EXERCISE DIRECTIONS >>
Only the lines from the top of the listing below through the line containing "The Duala shore" should be output, exactly and with no pictures.

--------------------------------------------------

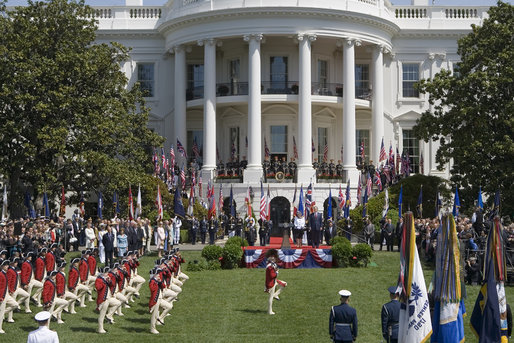 A state arrival ceremony held on the South Lawn at the White House, for her Majesty Queen Elizabeth II and his Royal Highness the Prince Philip, Duke of Edinburgh, with the Old Guard Fife and Drum Corps parading in front of a raised dais
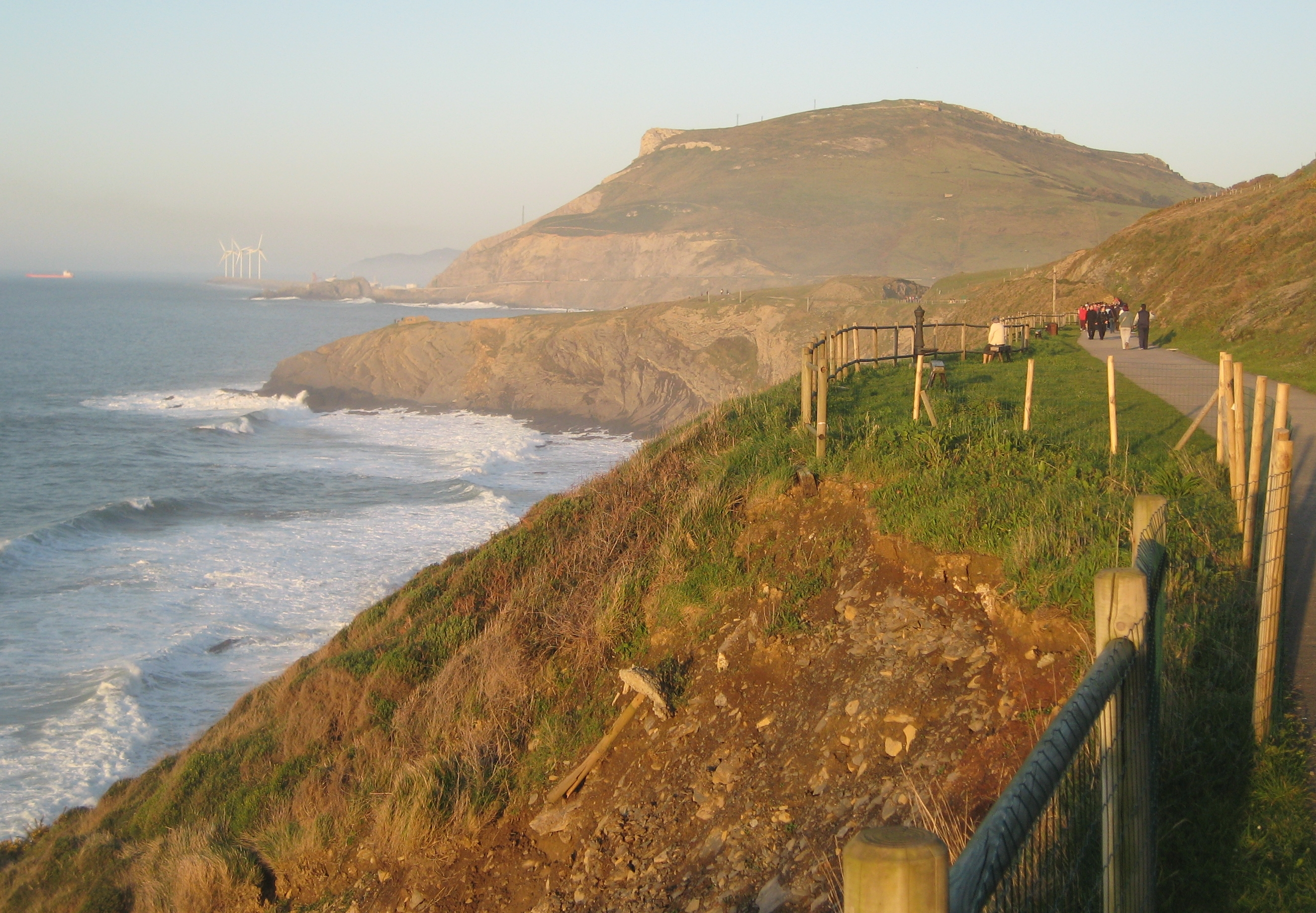 Pedestrian road of Covaron (Muskiz). In the background, Punta Lucero (Zierbena) with the first breakwater of the port of Bilbao and a wind farm on it
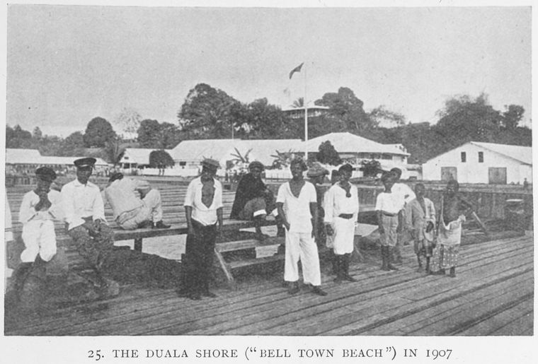 The Duala shore [Bell Town beach] in 1907. From George Grenfell and the Congo; a history and description of the Congo Independent State and adjoining districts of Congoland, together with some account of the native peoples and their languages, the fauna and flora; and similar notes on the Cameroons and the island of Fernando Po, the whole founded on the diaries and researches of the late Rev. George Grenfell, B.M.S., F.R.G.S.; and on the records of the British Baptist Missionary Society; and on additional information contributed by the author, by the Rev. Lawson Forfeitt, Mr. Emil Torday, and others, by Sir Harry Johnston, Volume I (published 1908).
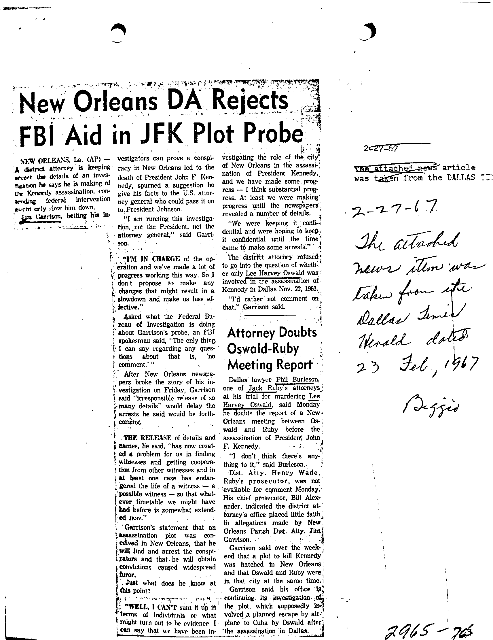 Criminal Intelligence Report, by C. T. Burnley. Report to Captain W. F. Dyson with attached newspaper clippings concerning Jim Garrison's investigation of the assassination, (Photocopy), 02/27/67.
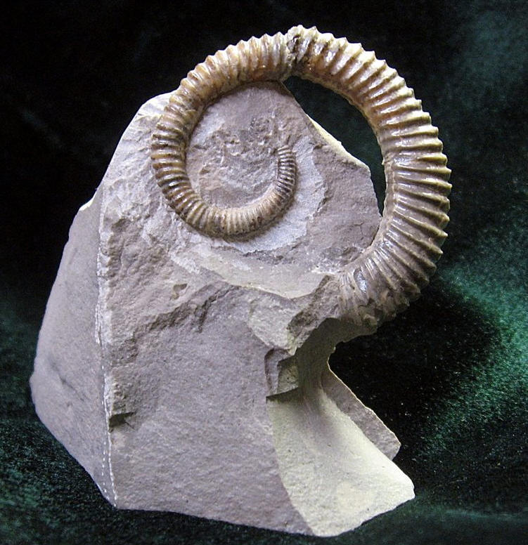 A fossil of Allocrioceras pariense partly etched from the shale matrix. The shell is 3.7cm (1.5 inch) in diameter. From the Cretaceous Tropic Shale, Garfield County, Utah. In the Stonerose Interpretive Center Collections.
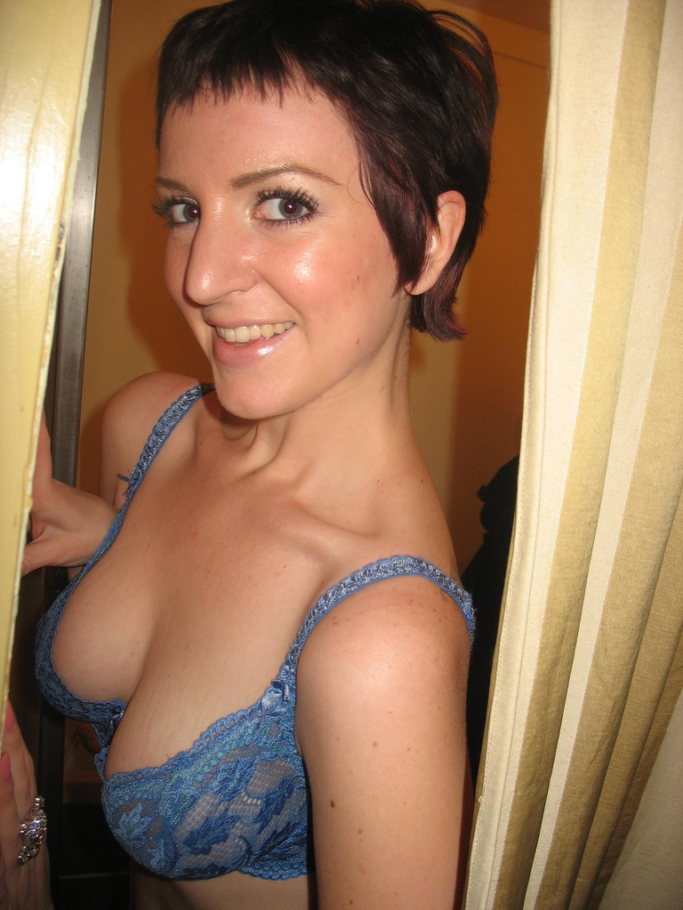 Cropped version of a photo taken from of a woman wearing a blue bra.

--------------------------------------------------

SOLUTION BELOW >>
 A state arrival ceremony held on the South Lawn at the White House, for her Majesty Queen Elizabeth II and his Royal Highness the Prince Philip, Duke of Edinburgh, with the Old Guard Fife and Drum Corps parading in front of a raised dais
 Pedestrian road of Covaron (Muskiz). In the background, Punta Lucero (Zierbena) with the first breakwater of the port of Bilbao and a wind farm on it
 The Duala shore [Bell Town beach] in 1907. From George Grenfell and the Congo; a history and description of the Congo Independent State and adjoining districts of Congoland, together with some account of the native peoples and their languages, the fauna and flora; and similar notes on the Cameroons and the island of Fernando Po, the whole founded on the diaries and researches of the late Rev. George Grenfell, B.M.S., F.R.G.S.; and on the records of the British Baptist Missionary Society; and on additional information contributed by the author, by the Rev. Lawson Forfeitt, Mr. Emil Torday, and others, by Sir Harry Johnston, Volume I (published 1908).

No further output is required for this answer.